++++ Data for review ++++
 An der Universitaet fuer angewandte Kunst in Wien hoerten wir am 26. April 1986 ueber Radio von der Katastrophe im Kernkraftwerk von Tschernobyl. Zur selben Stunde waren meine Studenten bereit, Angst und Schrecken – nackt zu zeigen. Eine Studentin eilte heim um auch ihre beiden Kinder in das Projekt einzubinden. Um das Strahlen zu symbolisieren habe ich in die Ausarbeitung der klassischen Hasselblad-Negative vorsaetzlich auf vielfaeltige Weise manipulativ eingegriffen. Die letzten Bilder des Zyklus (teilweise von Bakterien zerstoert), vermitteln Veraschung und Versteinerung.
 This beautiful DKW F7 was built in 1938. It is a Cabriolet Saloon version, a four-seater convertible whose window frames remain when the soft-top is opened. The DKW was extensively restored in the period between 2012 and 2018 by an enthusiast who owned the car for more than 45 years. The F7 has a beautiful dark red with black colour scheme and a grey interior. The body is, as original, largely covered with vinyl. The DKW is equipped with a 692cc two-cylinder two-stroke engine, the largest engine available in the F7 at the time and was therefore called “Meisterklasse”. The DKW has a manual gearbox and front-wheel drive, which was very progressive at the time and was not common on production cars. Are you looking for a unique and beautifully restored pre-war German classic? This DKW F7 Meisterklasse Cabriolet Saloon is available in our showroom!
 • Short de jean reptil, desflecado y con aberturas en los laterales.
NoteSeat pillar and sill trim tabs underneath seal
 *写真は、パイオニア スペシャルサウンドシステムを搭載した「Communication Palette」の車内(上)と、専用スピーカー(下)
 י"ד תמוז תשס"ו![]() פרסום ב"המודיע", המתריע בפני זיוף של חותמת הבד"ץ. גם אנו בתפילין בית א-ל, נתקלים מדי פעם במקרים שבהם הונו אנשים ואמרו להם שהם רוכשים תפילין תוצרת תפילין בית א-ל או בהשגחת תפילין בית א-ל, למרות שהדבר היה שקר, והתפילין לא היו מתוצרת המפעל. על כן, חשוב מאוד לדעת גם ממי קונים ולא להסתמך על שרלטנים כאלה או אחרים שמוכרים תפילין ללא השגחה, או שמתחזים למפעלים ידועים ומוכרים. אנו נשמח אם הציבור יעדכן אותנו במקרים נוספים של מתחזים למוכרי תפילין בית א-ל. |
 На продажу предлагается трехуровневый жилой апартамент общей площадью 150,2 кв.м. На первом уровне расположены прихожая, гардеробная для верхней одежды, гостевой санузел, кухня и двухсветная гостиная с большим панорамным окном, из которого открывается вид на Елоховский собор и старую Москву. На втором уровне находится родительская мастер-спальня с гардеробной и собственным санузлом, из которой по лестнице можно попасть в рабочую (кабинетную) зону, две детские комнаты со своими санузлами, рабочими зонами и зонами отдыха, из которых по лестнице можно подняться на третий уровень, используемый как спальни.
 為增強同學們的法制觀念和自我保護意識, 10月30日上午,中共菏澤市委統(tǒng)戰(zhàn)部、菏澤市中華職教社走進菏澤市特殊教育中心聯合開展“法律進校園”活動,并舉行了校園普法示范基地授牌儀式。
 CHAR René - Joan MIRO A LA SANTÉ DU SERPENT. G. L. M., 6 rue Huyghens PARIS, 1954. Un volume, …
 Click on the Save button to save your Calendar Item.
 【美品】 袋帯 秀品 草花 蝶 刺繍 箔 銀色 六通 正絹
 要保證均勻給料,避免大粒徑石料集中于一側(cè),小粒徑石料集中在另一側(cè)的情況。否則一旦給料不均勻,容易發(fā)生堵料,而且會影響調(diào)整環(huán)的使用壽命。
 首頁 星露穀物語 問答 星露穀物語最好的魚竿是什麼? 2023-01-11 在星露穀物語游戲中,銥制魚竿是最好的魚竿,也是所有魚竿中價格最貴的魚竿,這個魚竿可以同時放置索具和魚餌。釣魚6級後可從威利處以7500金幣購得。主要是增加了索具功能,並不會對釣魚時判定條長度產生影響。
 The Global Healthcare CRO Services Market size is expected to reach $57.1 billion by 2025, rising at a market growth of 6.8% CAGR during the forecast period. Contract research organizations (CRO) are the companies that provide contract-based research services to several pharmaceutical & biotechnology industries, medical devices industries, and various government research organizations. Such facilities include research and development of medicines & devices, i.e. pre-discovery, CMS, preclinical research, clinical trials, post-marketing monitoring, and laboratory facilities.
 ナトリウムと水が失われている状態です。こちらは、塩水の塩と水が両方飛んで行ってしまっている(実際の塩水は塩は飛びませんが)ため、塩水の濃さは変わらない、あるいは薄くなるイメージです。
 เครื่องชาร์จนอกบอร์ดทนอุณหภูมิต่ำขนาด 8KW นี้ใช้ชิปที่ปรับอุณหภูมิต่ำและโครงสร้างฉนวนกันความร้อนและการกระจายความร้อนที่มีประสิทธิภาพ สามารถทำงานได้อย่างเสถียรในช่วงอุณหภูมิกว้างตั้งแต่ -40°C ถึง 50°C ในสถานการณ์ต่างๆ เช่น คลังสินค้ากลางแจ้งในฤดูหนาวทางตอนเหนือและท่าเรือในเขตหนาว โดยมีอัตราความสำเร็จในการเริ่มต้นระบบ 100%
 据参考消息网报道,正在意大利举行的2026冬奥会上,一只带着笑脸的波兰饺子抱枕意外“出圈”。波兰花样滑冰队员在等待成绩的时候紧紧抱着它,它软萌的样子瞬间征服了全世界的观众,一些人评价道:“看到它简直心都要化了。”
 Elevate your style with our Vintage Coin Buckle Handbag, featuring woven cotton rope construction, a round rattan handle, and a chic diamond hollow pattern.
++++
▶ _Brief_
What should be returned is the run of lines from the first line of the material through the line containing "This beautiful DKW", exact and inclusive, and nothing else.

▶ _Response_
 An der Universitaet fuer angewandte Kunst in Wien hoerten wir am 26. April 1986 ueber Radio von der Katastrophe im Kernkraftwerk von Tschernobyl. Zur selben Stunde waren meine Studenten bereit, Angst und Schrecken – nackt zu zeigen. Eine Studentin eilte heim um auch ihre beiden Kinder in das Projekt einzubinden. Um das Strahlen zu symbolisieren habe ich in die Ausarbeitung der klassischen Hasselblad-Negative vorsaetzlich auf vielfaeltige Weise manipulativ eingegriffen. Die letzten Bilder des Zyklus (teilweise von Bakterien zerstoert), vermitteln Veraschung und Versteinerung.
 This beautiful DKW F7 was built in 1938. It is a Cabriolet Saloon version, a four-seater convertible whose window frames remain when the soft-top is opened. The DKW was extensively restored in the period between 2012 and 2018 by an enthusiast who owned the car for more than 45 years. The F7 has a beautiful dark red with black colour scheme and a grey interior. The body is, as original, largely covered with vinyl. The DKW is equipped with a 692cc two-cylinder two-stroke engine, the largest engine available in the F7 at the time and was therefore called “Meisterklasse”. The DKW has a manual gearbox and front-wheel drive, which was very progressive at the time and was not common on production cars. Are you looking for a unique and beautifully restored pre-war German classic? This DKW F7 Meisterklasse Cabriolet Saloon is available in our showroom!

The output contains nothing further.